Я жму на тормоз – испуганно, думая, что вот-вот врежусь в кого-то или во что-то.

– Что такое? – спрашиваю, глядя в зеркало заднего вида, но грунтовая дорога за нами пуста.

С чуть округлившимися глазами Куинтон перегибается ко мне, выставляет руку перед моей грудью. Потом берется за пряжку ремня безопасности, вытягивает ремень и пристегивает меня. Я жду, что он тоже пристегнется, но он откидывается на спинку сиденья и не двигается.

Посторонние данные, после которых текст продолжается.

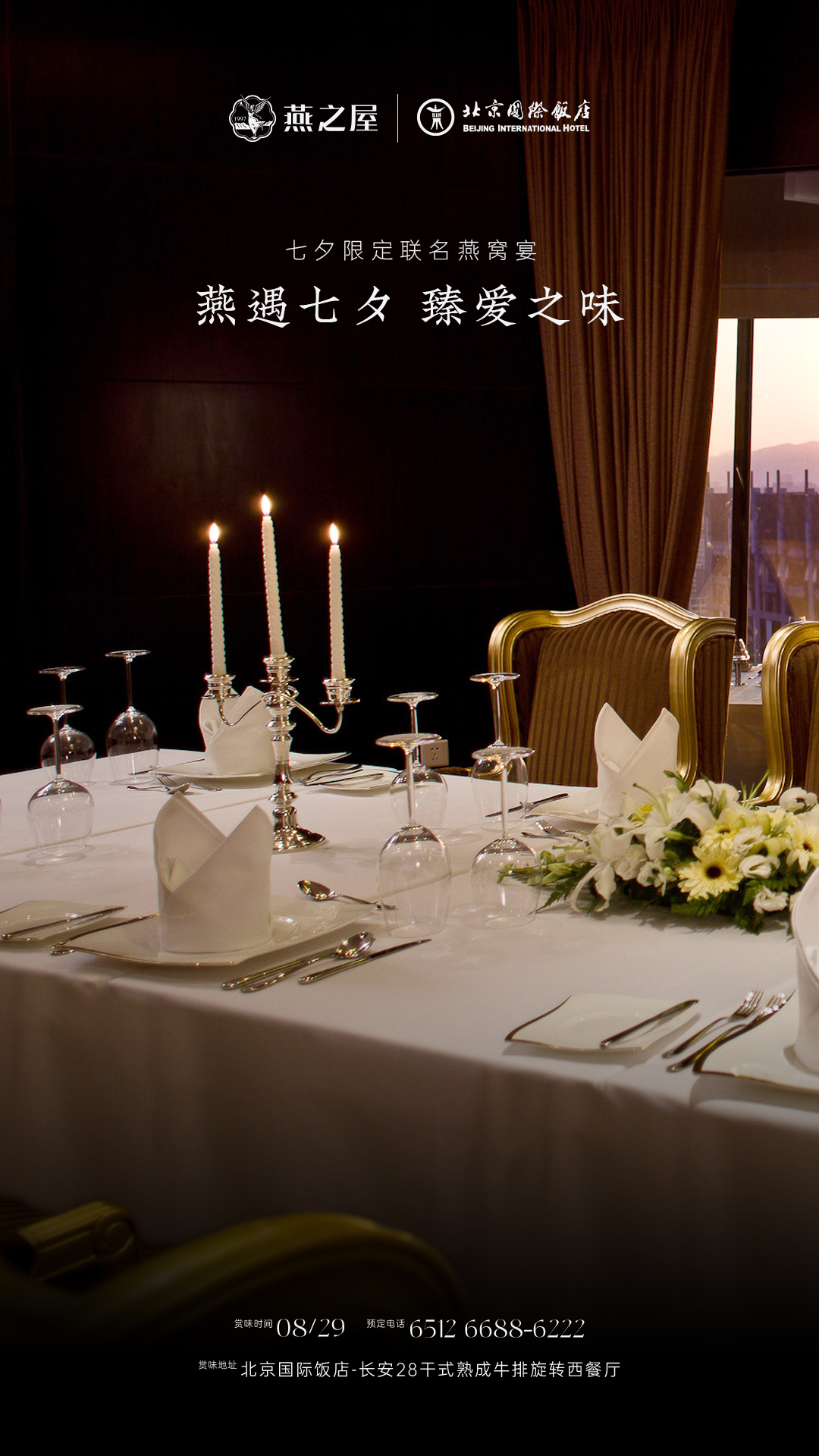 北京國際飯店長安28餐廳作為北京市中心高空360度環(huán)瞰京城盛景的旋轉(zhuǎn)餐廳,以其獨特的奢華與雅致并存的裝修風(fēng)格,成為京城高端餐飲場所。604㎡餐廳空間、100個精致餐位,3間多功能廳房,配合專業(yè)的服務(wù)團隊,為每位賓客提供尊貴的用餐體驗。燕之屋27年專注高品質(zhì)燕窩,始終堅持“源于天然,美與健康”的理念,以創(chuàng)新科研賦能上乘品質(zhì),連續(xù)九年高端燕窩全國銷售第一①。此次合作是云端視野與輕奢品味的雙重尊享,正如每一對相約七夕的甜蜜愛侶。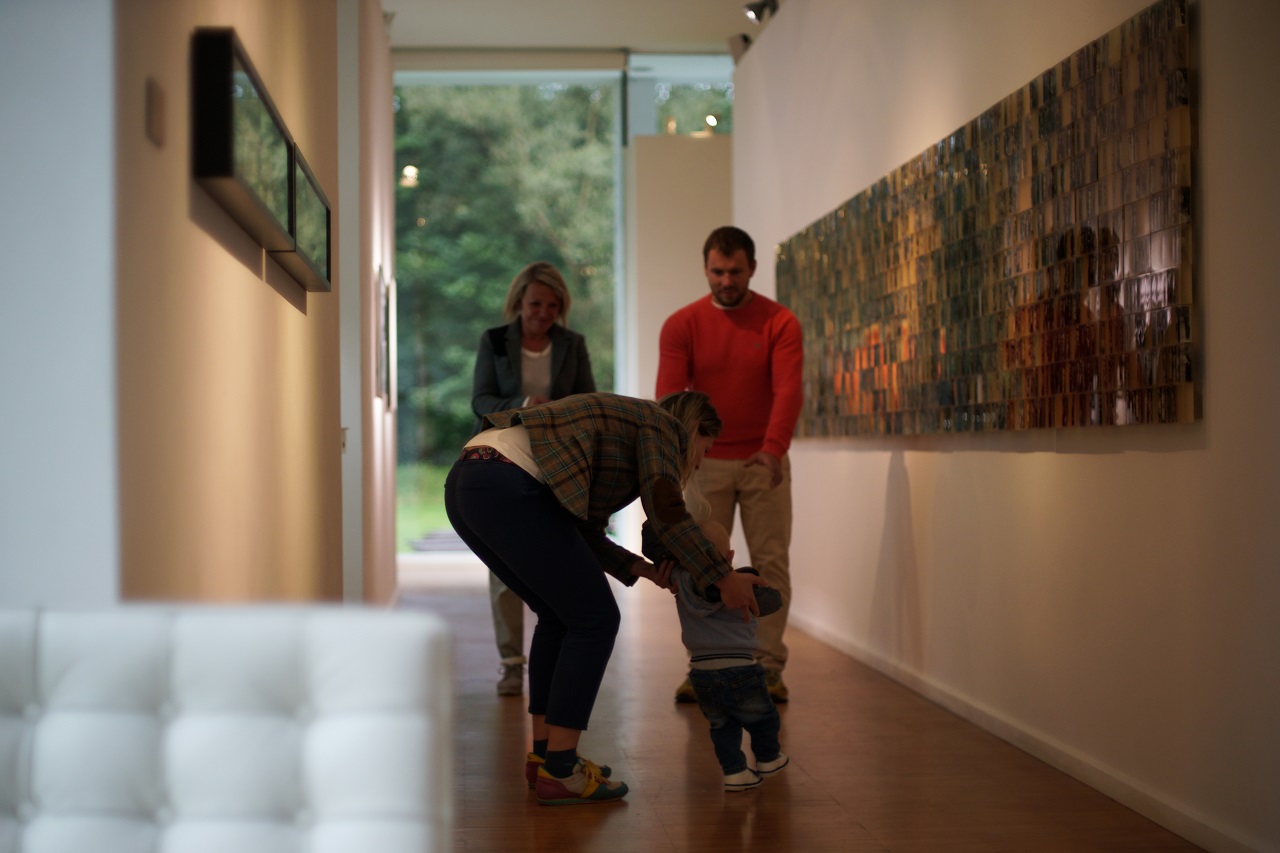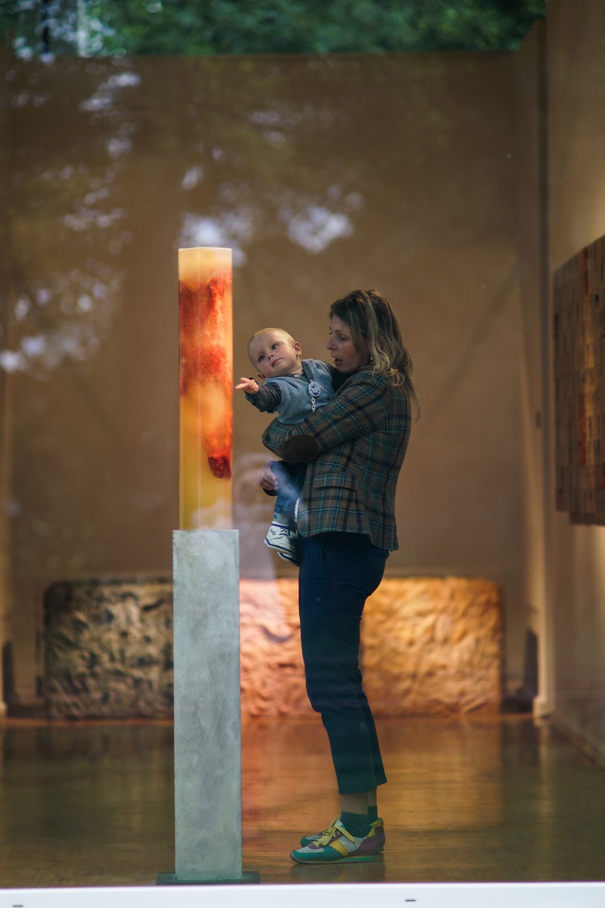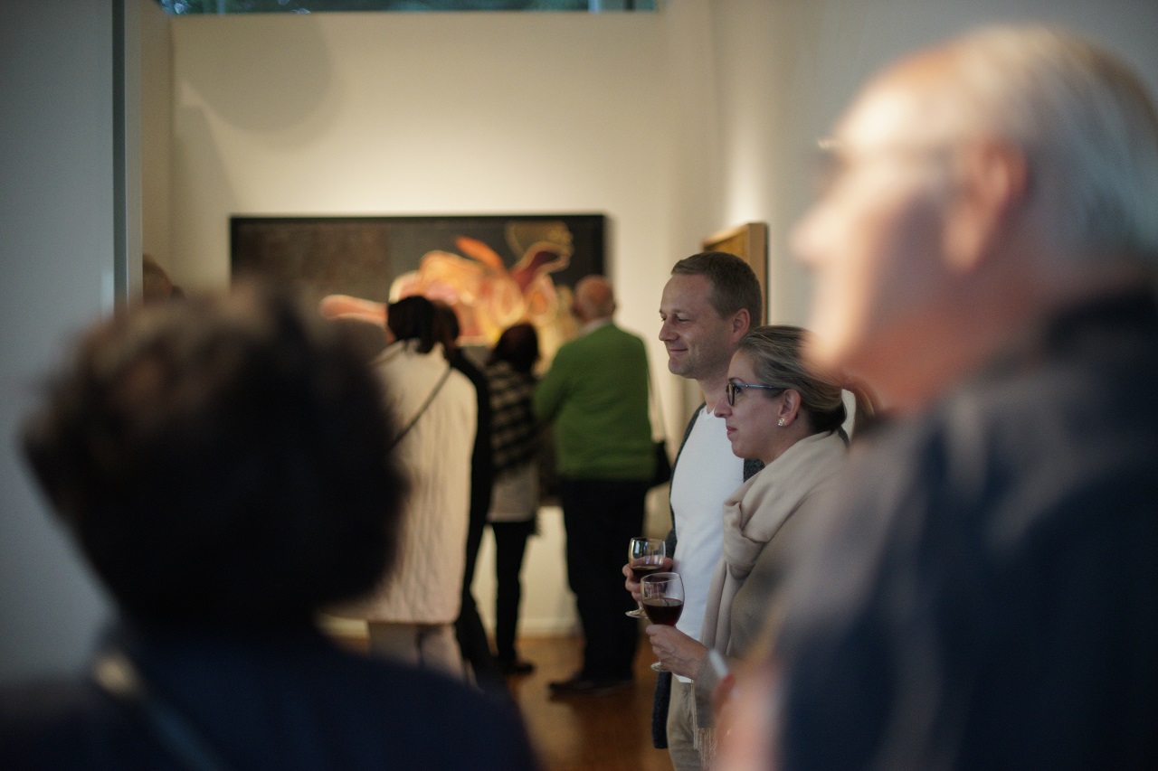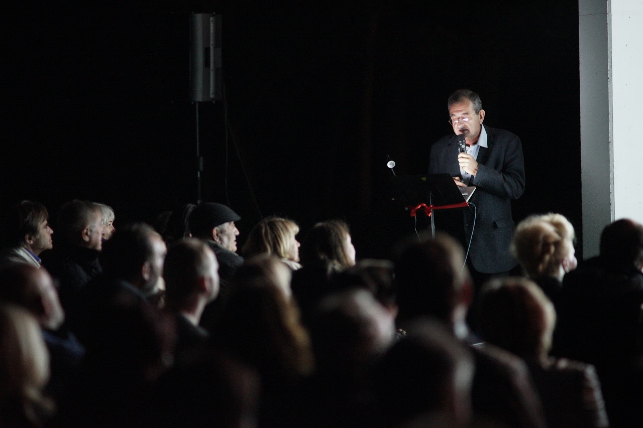 Součástí večera bylo hudební vystoupení Čeňka Chlebouna s vlastní improvizací na bubny umístěné na střeše White Gallery.

– А ты разве не пристегнешься? – спрашиваю я, медленно сдавая назад.

Он упрямо качает головой:

– И так сойдет.

– Куинтон… – Я умолкаю, видя, что он отвернулся к окошку и скрестил руки.

– Сказал, так сойдет, – говорит он сдавленным голосом и показывает на рычаг переключения передач. – Ну, поехали завтракать.

Я хочу возразить, но попробуй заставь человека сделать то, что он наотрез отказывается делать. Я вздыхаю, нажимаю на газ и объезжаю выбоины на дороге. Чем ближе шоссе, тем сильнее я злюсь, потому что он не пристегнулся, и я же знаю: он наверняка часто рискует жизнью, а значит совсем ею не дорожит, и это меня возмущает сильнее всего.

В конце концов я немного резковато нажимаю на тормоз, и нас обоих бросает вперед. Меня удерживает ремень, а он-то не пристегнут и ударяется головой в приборную доску.

– Блин! – Куинтон потирает голову и холодно смотрит на меня. – Что ты делаешь, какого хрена?

Моя нога на тормозе подрагивает. Я смотрю прямо перед собой:

– Хочу, чтобы ты пристегнулся.

Он несколько секунд молчит.

– Нова, это же мне решать, пристегиваться или нет.

– Нет, не тебе, – сжав зубы, качаю я головой. – Не знаю, почему тебе жалко пристегнуть долбаный ремень, но если что-нибудь случится, всем, кому ты дорог, будет больно, они будут скучать по тебе и, наверное, злиться, потому что ты сам не захотел пристегнуться.

Наступает долгое молчание – мои слова и резкий тон пугают нас обоих.

– Ничего… никому я не дорог, – безразлично заявляет он. – Я никогда не пристегиваюсь.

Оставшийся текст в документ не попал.